Self-Care | Grief During Holidays

 

Living Through Loss Counselling Society of BCDownload article: Grief and the Holidays – Strategies for Coping. For more articles, see the library.

Vancouver Sun article: Strategies help cope with grief during the holidays - written by Lynette Pollard-Elgert and Susan Moore

The pain we experience when we lose someone we love is more intense during special days. The expectation of relaxation, happiness, and celebration makes a sharp contrast to the pain of loss. Nothing can change our reality but there are some things to do to manage grief and help ourselves to cope.

  • Plan Ahead

    Decide in advance how the special day or days will be spent. However, be flexible if you find things aren't working out as expected. The plan was made to help, not to cause more distress. So be realistic.

  • Talk About Your Grief

    Friends and family do not always understand that your loved one is never out of your mind. Try to give your sorrow words, or write them in a journal. It is healthy to share your memories both happy and sad with people who care.

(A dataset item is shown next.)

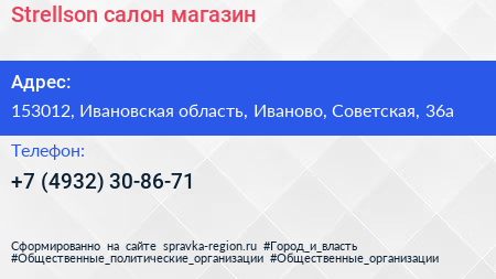 Strellson, салон-магазин по адресу 153012, Ивановская область, Иваново, Советская, 36а в дальнейшем Организация, размещена в следующих категориях:

  • We Have Tears For A Purpose

    Scientists speculate that tears contain a component that has the effect of improving our emotional state. However it works, experience tells us that crying is healing. If you don't feel comfortable crying in the presence of others, allow time to cry alone. It will relieve the pressure and help you to control your grief in social settings. Holidays are arbitrary but your grief has a life of its own and won't always allow you to put it on hold.

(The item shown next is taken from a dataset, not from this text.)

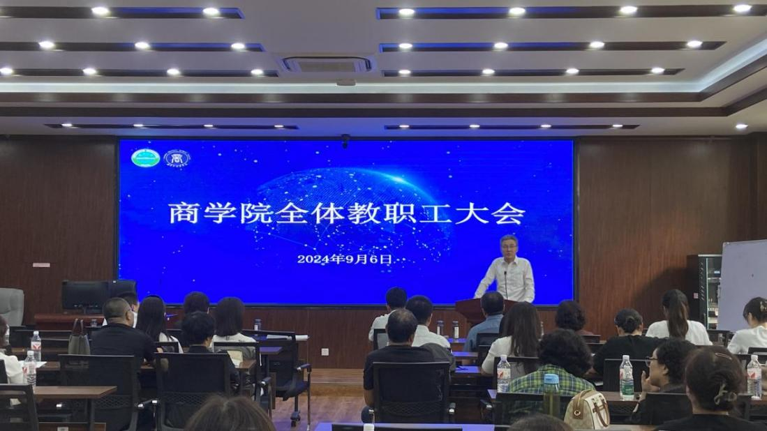 9月6日,今年会jinnianhui召开新学期全体教职工大会,传达学校中层干部大会和教师节表彰大会精神,部署新学期工作。霍春辉副校长到会看望全体教师,与参会教师一一握手,表达学校的慰问和感谢,并结合学院实际提出希望和要求。学院领导班子成员、全体教职工参加会议。会议由今年会jinnianhui党委书记李玉华主持。

  • Re-evaluate Famiy Traditions

    This may help to blunt the sharp sad memories of how things used to be. Consider altering the way things have always been done. Design new rituals and traditions, or do something symbolic to memorialize your loved one.

  • You Are The Best Authority On Your Grief

    During the holidays well meaning friends may try to help by keeping you busy or making sure you are never alone. It is important for you to determine for yourself what is best. Discuss your wishes with someone you trust. It will help clarify your needs and make it easier to explain what your limits are.

  • Spend Time With People You Trust

    Try not to isolate yourself with your feelings. Friends who do not judge your behaviour, who allow you to talk about your grief and accept your feelings are invaluable. Ask them to help you guard against wearing them out! You will need to save their valuable help for the days ahead.

  • Recognize Your Physical and Psychological Limitations

    Most people experience fatigue during grief. Don't hesitate to excuse yourself from commitments you feel too tired or sad to attend. Keeping busy has its uses but also risks delaying or avoiding sadness that must be experienced to heal. Avoid places, situations and people you believe may cause you stress or anxiety. Instead allow time for simple activities that sooth and relax and provide creative outlets of your own choosing. Allow yourself to just 'be'.

  • Use All Resources That Are Available To You

    If you have a faith or religion that gives you comfort, this is a time to depend on it. A vacation in a new environment is not necessarily avoidance of a loss, it can help you feel alive again and somewhat involved with life. Sharing feelings with others, even strangers, who have had similar experience can give perspective and assure you that you will survive. Grief counselling in groups or individually can assist you in understanding your grief, and help you to cope with its manifestations. Above all, be kind to yourself and know that your pain is entirely appropriate, considering your loss. Grief comes as a result of love and is a tribute to your relationship.